(EXERCISE) Below is a listing; retype exactly the lines between the one containing "Šedá šusťáková zateplená" and the one containing "从青翠茶园到炒茶坊,同学们在", inclusive, minus the pictures.

(THE DATA)
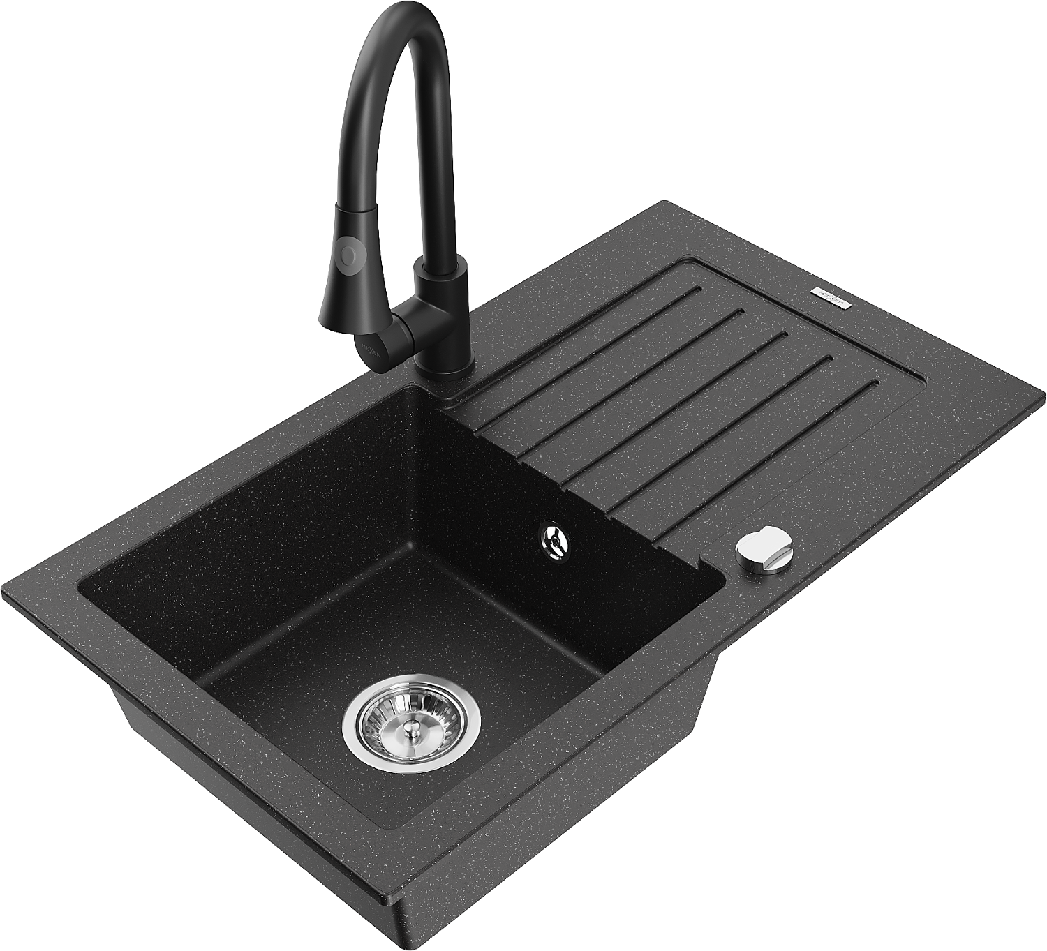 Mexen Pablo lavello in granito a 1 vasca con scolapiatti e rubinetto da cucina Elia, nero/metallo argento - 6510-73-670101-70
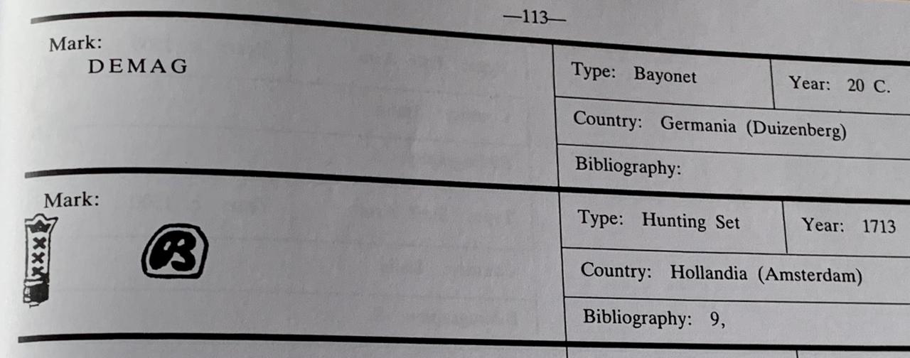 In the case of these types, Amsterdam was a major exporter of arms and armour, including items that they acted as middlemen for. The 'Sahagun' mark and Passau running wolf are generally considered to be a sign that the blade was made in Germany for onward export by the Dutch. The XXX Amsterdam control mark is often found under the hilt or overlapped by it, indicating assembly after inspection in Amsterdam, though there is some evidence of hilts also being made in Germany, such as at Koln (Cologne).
==
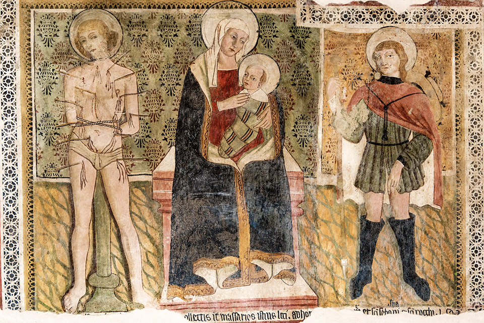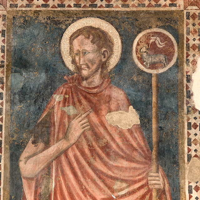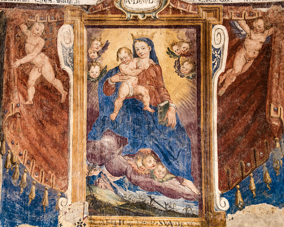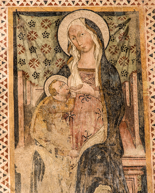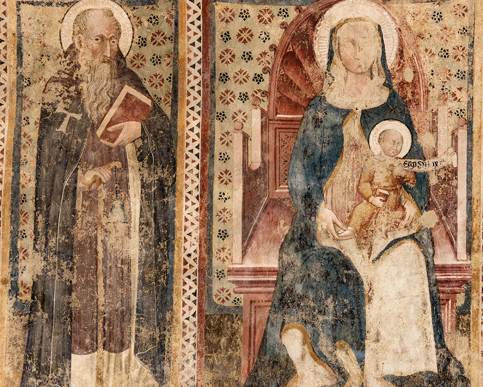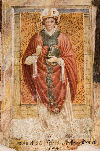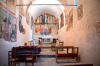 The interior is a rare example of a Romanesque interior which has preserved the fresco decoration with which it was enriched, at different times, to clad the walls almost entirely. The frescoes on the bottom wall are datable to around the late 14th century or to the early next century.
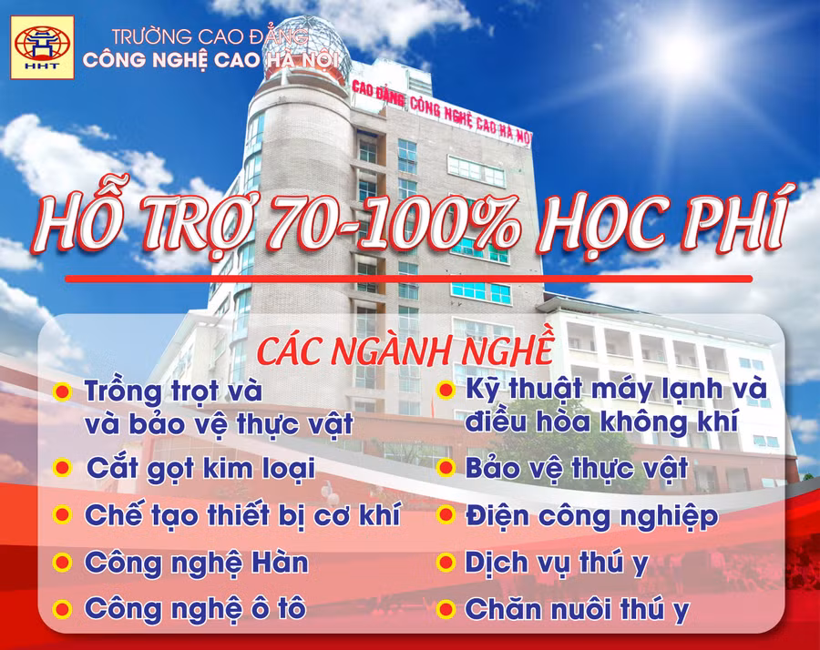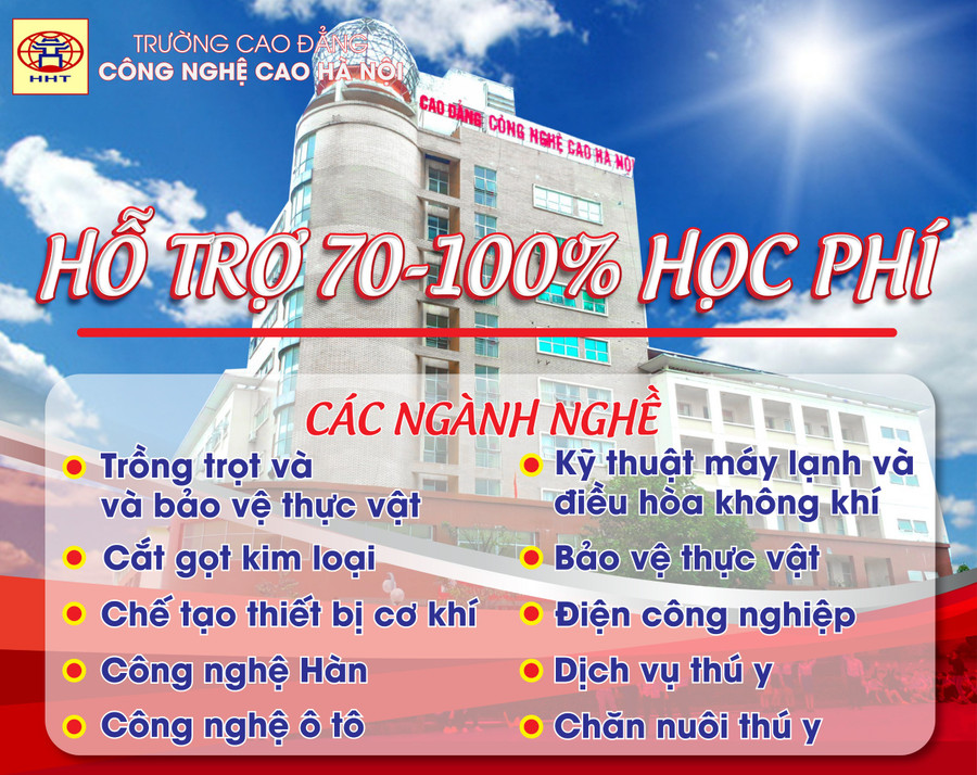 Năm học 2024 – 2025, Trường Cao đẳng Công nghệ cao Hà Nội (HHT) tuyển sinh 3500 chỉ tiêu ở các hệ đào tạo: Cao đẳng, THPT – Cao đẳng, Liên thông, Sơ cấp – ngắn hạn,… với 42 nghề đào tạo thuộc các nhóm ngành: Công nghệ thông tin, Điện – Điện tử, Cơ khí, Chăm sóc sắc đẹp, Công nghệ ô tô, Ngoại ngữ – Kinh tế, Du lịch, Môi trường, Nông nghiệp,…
--
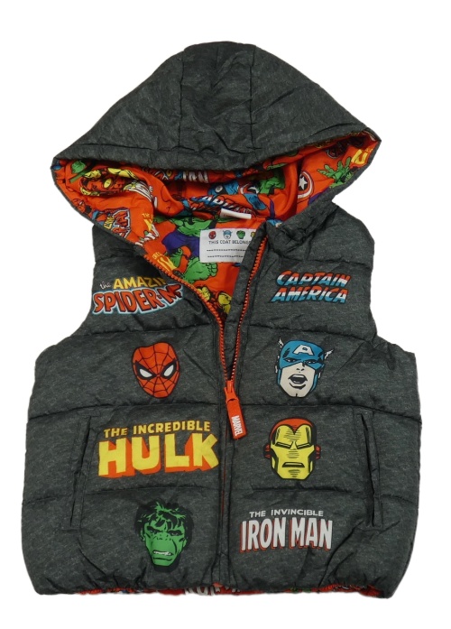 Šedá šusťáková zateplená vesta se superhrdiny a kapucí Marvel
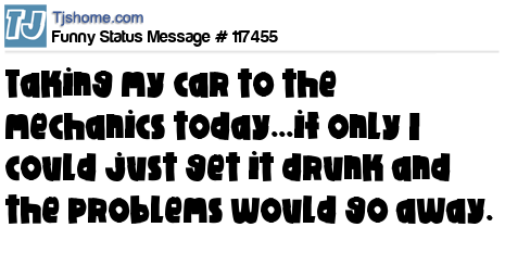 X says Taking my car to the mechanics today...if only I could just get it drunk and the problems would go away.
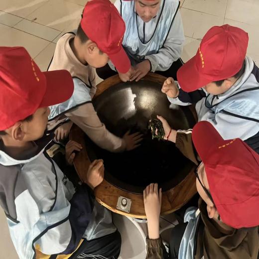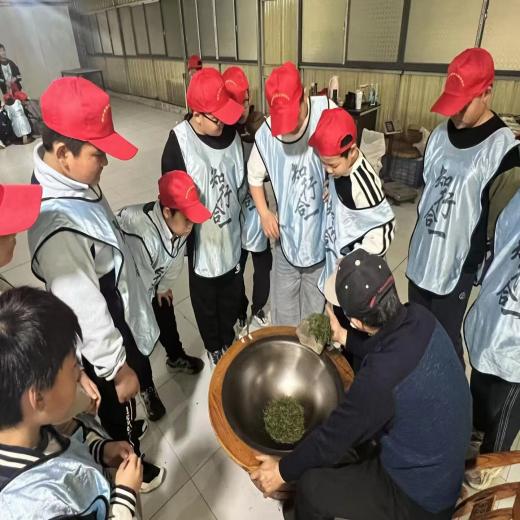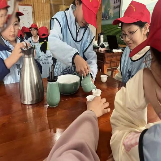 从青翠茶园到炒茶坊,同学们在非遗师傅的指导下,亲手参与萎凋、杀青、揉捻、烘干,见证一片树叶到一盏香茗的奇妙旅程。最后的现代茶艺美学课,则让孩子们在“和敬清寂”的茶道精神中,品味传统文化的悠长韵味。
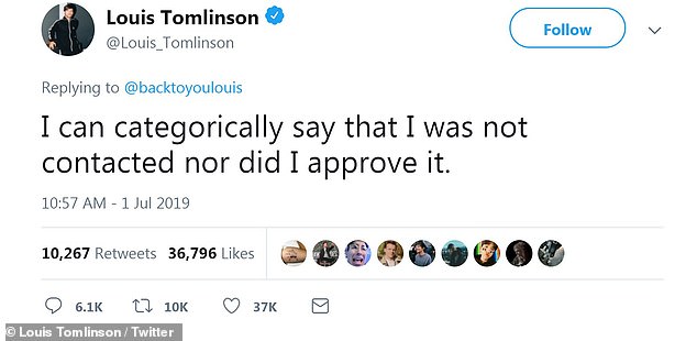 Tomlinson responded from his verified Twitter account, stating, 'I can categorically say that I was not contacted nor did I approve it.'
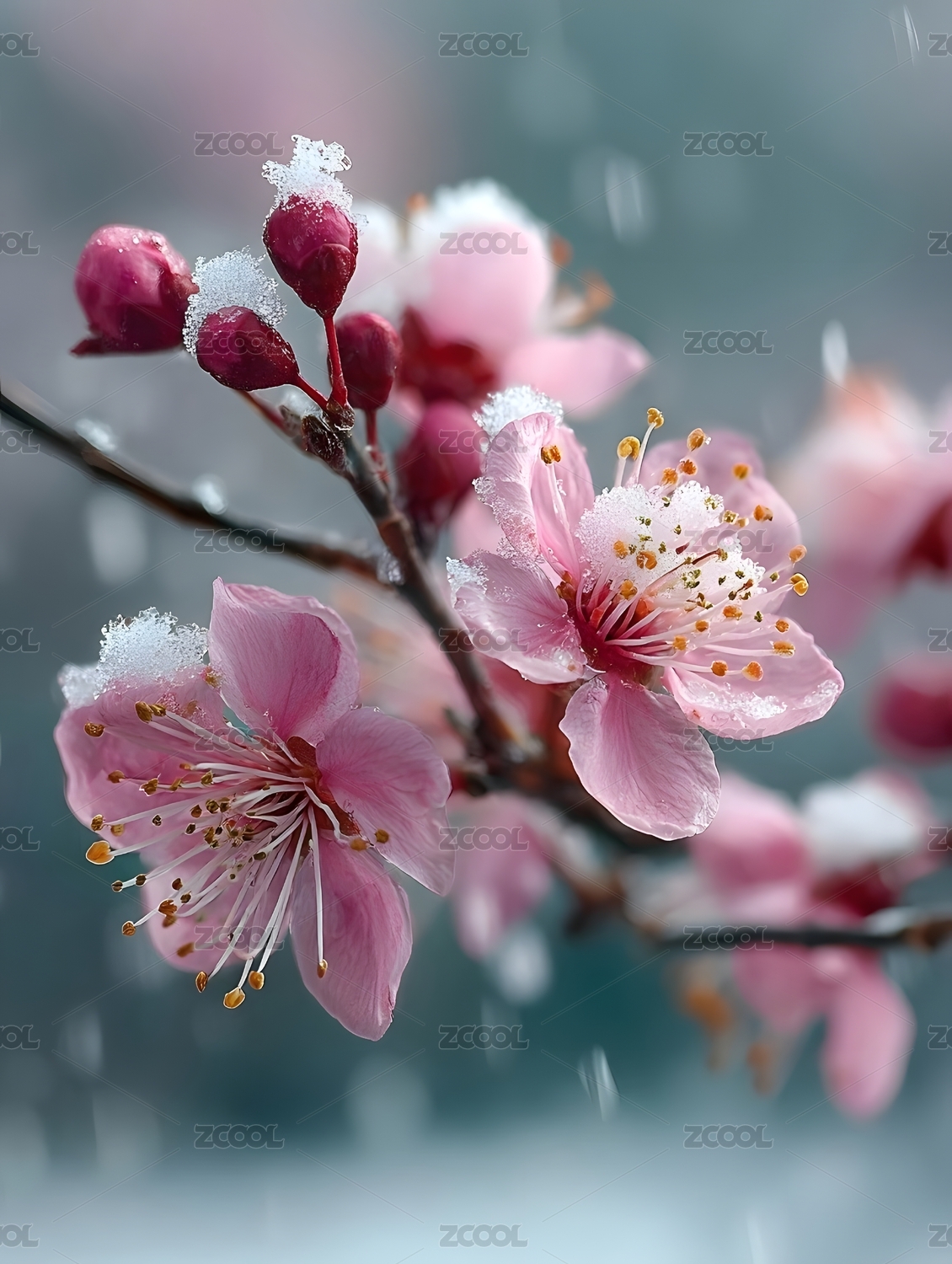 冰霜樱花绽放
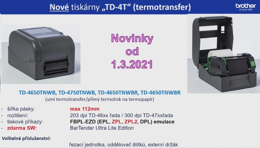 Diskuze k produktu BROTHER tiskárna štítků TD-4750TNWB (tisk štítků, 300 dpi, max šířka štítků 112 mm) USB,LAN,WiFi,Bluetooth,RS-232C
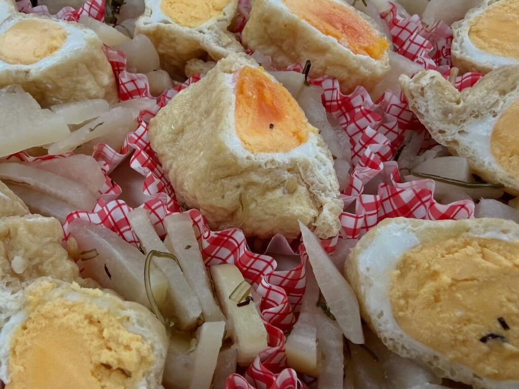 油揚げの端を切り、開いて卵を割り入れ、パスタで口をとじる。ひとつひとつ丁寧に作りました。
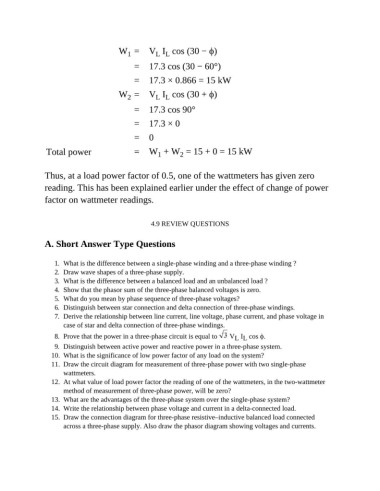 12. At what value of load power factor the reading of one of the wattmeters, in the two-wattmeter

(OUTPUT BELOW)
 Šedá šusťáková zateplená vesta se superhrdiny a kapucí Marvel
 X says Taking my car to the mechanics today...if only I could just get it drunk and the problems would go away.
 从青翠茶园到炒茶坊,同学们在非遗师傅的指导下,亲手参与萎凋、杀青、揉捻、烘干,见证一片树叶到一盏香茗的奇妙旅程。最后的现代茶艺美学课,则让孩子们在“和敬清寂”的茶道精神中,品味传统文化的悠长韵味。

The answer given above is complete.